This repository contains software and information (as simple as possible) for understanding and using Artificial Intelligence methods, and particularly Neural Network, in hobbyist projects. Neural Networks have become ubiquitous in electronics devices in the last decades, also in case of using its more complex developments, called Deep Learning. The reason of that massive use is consequence of good results with Deep Learning structures, but also for the incredible increase of computing power for downscaled hardware.

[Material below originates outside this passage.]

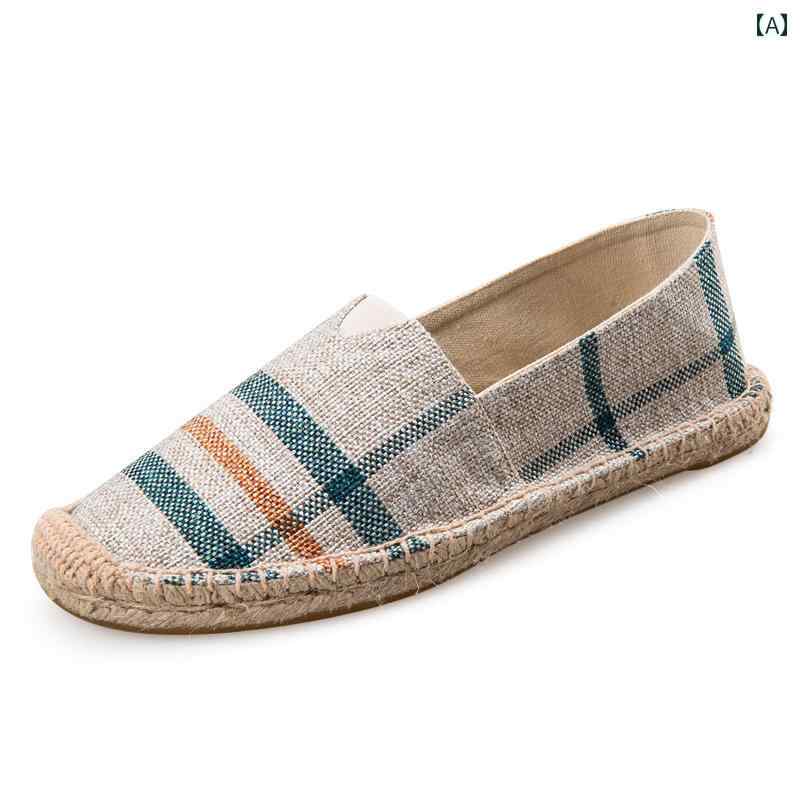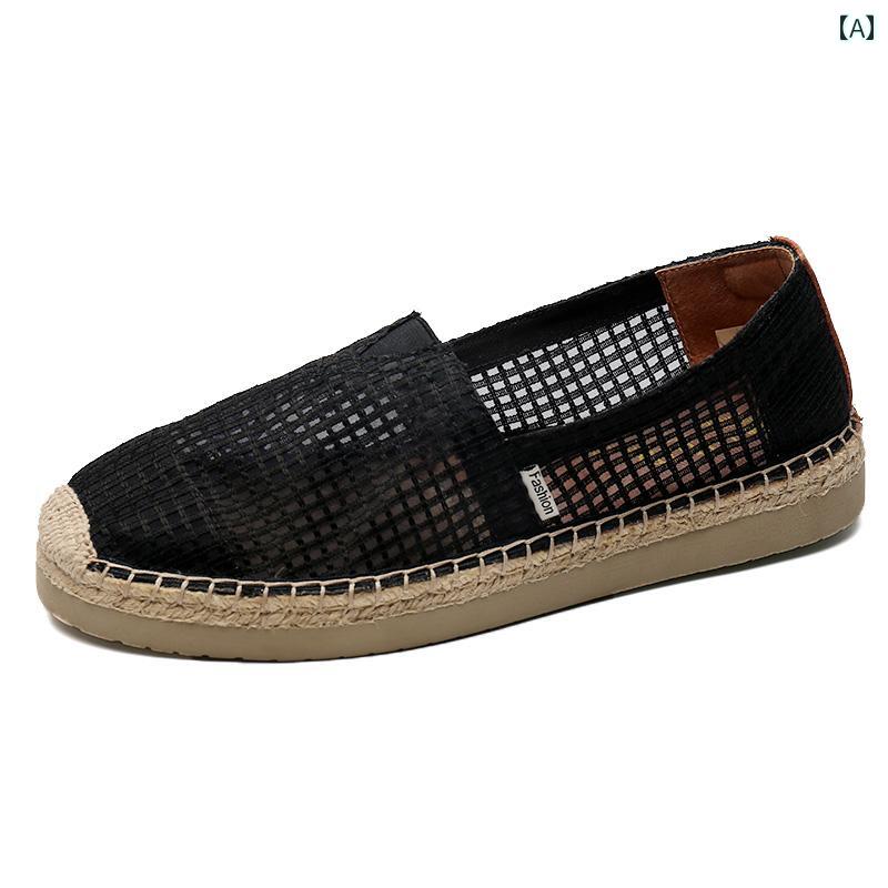 ドライビングシューズ メッシュ エスパドリーユ メンズ 亜麻 無地 スリッポン 夏用 ジュートソール・・・

NN software is complete different from classical programming software. NN is a branch of more general Machine Learning domain. Machine Learning means : learning algorithms – not computer programmers – create the rules. In other words, the software is self-organizing to reach the desired functionality.
To summarize:
- Classic programming : understand the process and program a algorithm to realize desired functionality
- NN approach : train NN with samples, and finally use it
NN using phases :
- Decide the appropriate NN structure for the task
- Use a library or a IDE (Integrated Development Environment) to implement and train the NN
- Choose a list of example of desiderate behavior that NN has to simulate and train the net with these
- Choose a list of test example to verify and evaluate the behavior of trained net
- Deploy (use) the net for your purpose
The basic structure of NN is a network of computational nodes (loosely inspired to brain neurons). Substantially: input values are propagated to node by weighted links, node summarizes this values and output the result, usually applying a function (typically nonlinear) to this sum before it propagates result to others linked nodes.
NN computing process can be also seen as a series of multidimensional spaces transformations. For example in the next figure it is shown a simple XOR NN in terms of geometrical point of view.
If we imagine NN as a black box that contains a certain amount of parameters whose values define the behavior of that box, then learning phase means adjusting parameters to reach the correct behavior.
Because the nature of NN, where nodes are linked in a chain, it is possible to use the gradient descent method. Gradient of error (derivative of error as function of parameter) can be back propagated following the chain (derivative chain). In this way it is possible to correct each parameter with a little amount by reverse the gradient. Applying this correction step by step (sample by sample), the black box should approximate the correct behavior. Not always the NN will reach the optimum (the minimum error value) , because sometimes can stand by a local minimum, relating to NN structure . For this reason structure defining of NN is an important issue.
Simply parameter trimming as :
$$
w = w - \epsilon * \frac{dE}{dw}\ \ \ (where\ \epsilon=\ small\ number (ex.: 0.001))
$$
is usually upgraded by more sophisticated term that can consider also last descent direction or the continuous trimming of the learning coefficient (ε). These gradient descent modified methods are called optimization methods. The error is called usually "loss function".
As we already said a nonlinear function is usually applied to the input sum at each node. In terms of geometrical point of view, a nonlinear transformation is applied at each layer of NN. This is essential to get a real topological transformation not a simple projection.
A lot of function are used in this field. The most common are:
Unfortunately the squashing functions, like Sigmoid or Tanh, can produce a saturation and a gradient vanishing when are used in multiple nested layers. For this reason in convolution deep learning is often used the ReLU (Rectified Linear Unit) function.
In the classification task is often used the SoftMax function that is a function applied to the entire last layer (not to a single node) to normalize output in terms of probability (sum = 1).